Bernardette Lafont la première, quels sont ses rêves? Papillon noctambule, elle passe son temps la malheureuse à se brûler les ailes. Volontiers rieuse, dans l'éclat, dans l'affirmation d'une fausse puissance, ses amours furtifs avec un militaire en permission la laissent trop seule. Ses nuits agitées la mettent à la merci d'un couple d'hommes qui n'ont d'autre considération que celle de faire d'elle un objet de plaisir. Les loups ont violé l'agneau.

Même si Lucile Saint-Simon apparait comme un personnage relativement moins important, sa dérive amoureuse avec un garçon très con, dont la prestance factice se résume à une culture encyclopédique, récitative et creuse, permet à Chabrol de croquer un de ses portraits sauvages et agressifs dont il a le secret, celui d'une famille coincée dans ses habitudes et ses restrictions mentales, venue d'une province pas forcément éloignée des supposées libertés parisiennes d'ailleurs, mais considérablement infoutue de tolérance et d'ouverture d'esprit. Cette séquence où les parents viennent à la rencontre de la jeune fiancée de leur fils est à la fois effroyable et comique. En tout point réussie.

De tous les personnages, celui qu'incarne Stéphane Audran est celui qui m'a le plus ému. Il essaie tant bien que mal de sortir un peu la tête de l'eau saumâtre où sa condition le maintient. Cette vie de vendeuse dans un magasin désert, où l'ennui gangrène petit à petit les esprits, est une sorte de prison pour elle.
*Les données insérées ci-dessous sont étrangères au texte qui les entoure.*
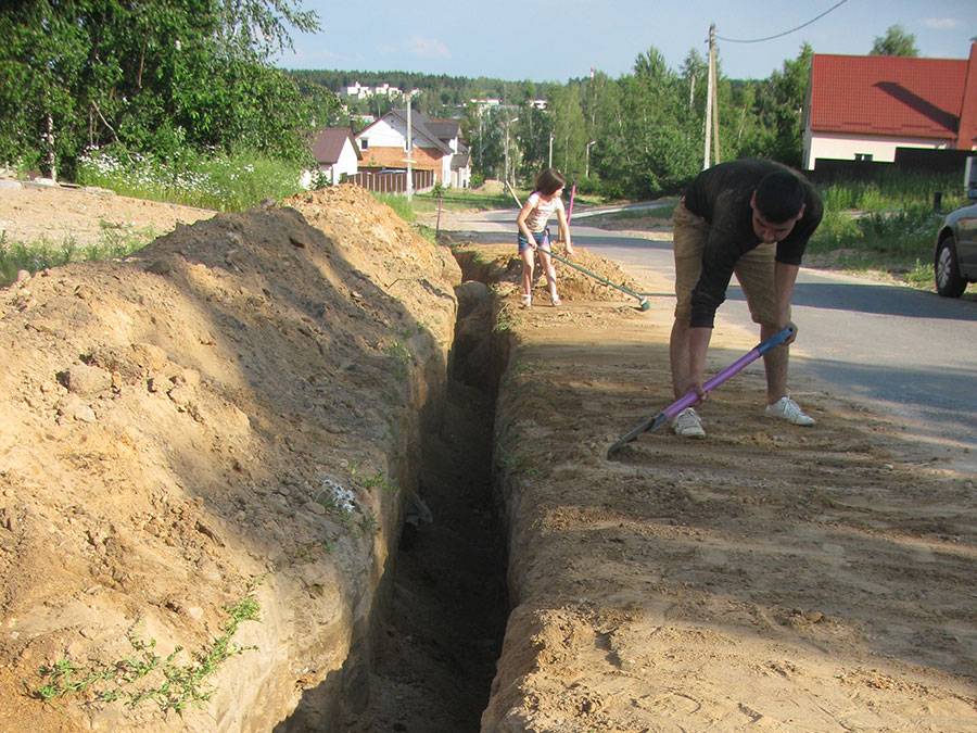 - отрывается траншея, а ее дно тщательно выравнивается и покрывается слоем щебня или гравия. Отрывая траншею, следует руководствоваться нормами, о которых мы уже рассказывали здесь;

Sa détresse, quand elle découvre ses collègues de boulot dans la salle où chaque soir elle se produit sur scène afin de s'aérer, de respirer un grand bol d'air frais, cette horreur est sincère, d'une brutalité émouvante. Elle aussi perd de sa part de liberté. Elle était parvenue à s'aménager un petit espace, il n'existe plus. Elle est à nouveau sous l'emprise d'une triste routine, celle du travail, des collègues, des heures interminables et qui vient empiéter sur le territoire privé.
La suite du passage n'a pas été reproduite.